Dogs and Dining on Lincoln Road: Dodge Them or Love Them?
Dog Dodger say:
Dogs and fine dinning don't mix. Everyone's favorite local restaurant strip for flauntin; Lincoln Road. The street often resembles a canine fashion show or parade of sorts. Many store and restaurant fronts even offer water-filled dog bowls for overheated canine supermodels.
But just because the touristy street welcomes pooches of all breeds, this doesn't mean that everyone else does. The appeal of the area is to eat outside. Yet diners must also often share their eating space with smelly and sloppy mutts. Some of these opt to mark their territory at eaters' feet. And meal time conversation is tough to maintain amidst baritone barks. Then there is the leash lasso. When "Fluffly" or "Maximilius" uses leash slack to race around several tables and chairs, inescapable, dog-made labyrinths are created. Plate-balancing servers trip, and meals are ruined.
Well-trained, groomed and pocket-size pets aren't the problem. But to those individuals who own unruly, smelly, over-size and untrained dogs we say this:Keep them away from restaurants. Or, put them in your purse like a proper Miami socialite.
-- Danielle Alvarez
Dog Lover says:
Dogs and fine dining don't mix. Agreed. But when did Lincoln Road become fine dining? This pedestrian "mall" is indeed a parade of fashion tragedy of the human kind.

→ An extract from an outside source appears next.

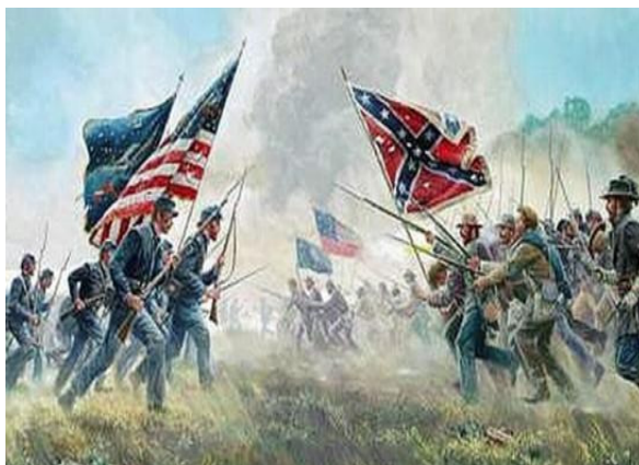
Figura 1. Războiul Civil American 8

După prima bătălie de la Bull, statul Virginia, Uniunii, care au avut pierderi mari, au fost constrânși să cheme sub arme mai mulți voluntari cerând statelor din Nord să formeze noi regimente.

Little "Fido" on his leash is the least of our complaints. Unruly skateboarders belong on a ramp in Kendall. Drunk cyclists urge you out of their way with annoying bell ringing/ And then there's that family of 25 from Brazil who stops in the middle of Lincoln to discuss whether they should go to the Britto or Apple store. A baritone bark is muffled in this crowd.
The appeal of eating outside is quickly diminished for a pooch and its owner by the groups of smokers who, in their late night regalia, share loud tales of their conquests while blowing more smoke than the cruise ships docked at port. Is that dry ice for effect on my plate? No ma'am, that's just the folks at the table next to you relighting their cigarette.
Try not to sit downwind -- you may go deaf and blind at the same time.
Well trained pets are not the problem. Agreed. But pocket-size? No pooch should be carried in a purse. Even the most stylish Miami socialite will agree that no accessory is effective if hidden in a purse.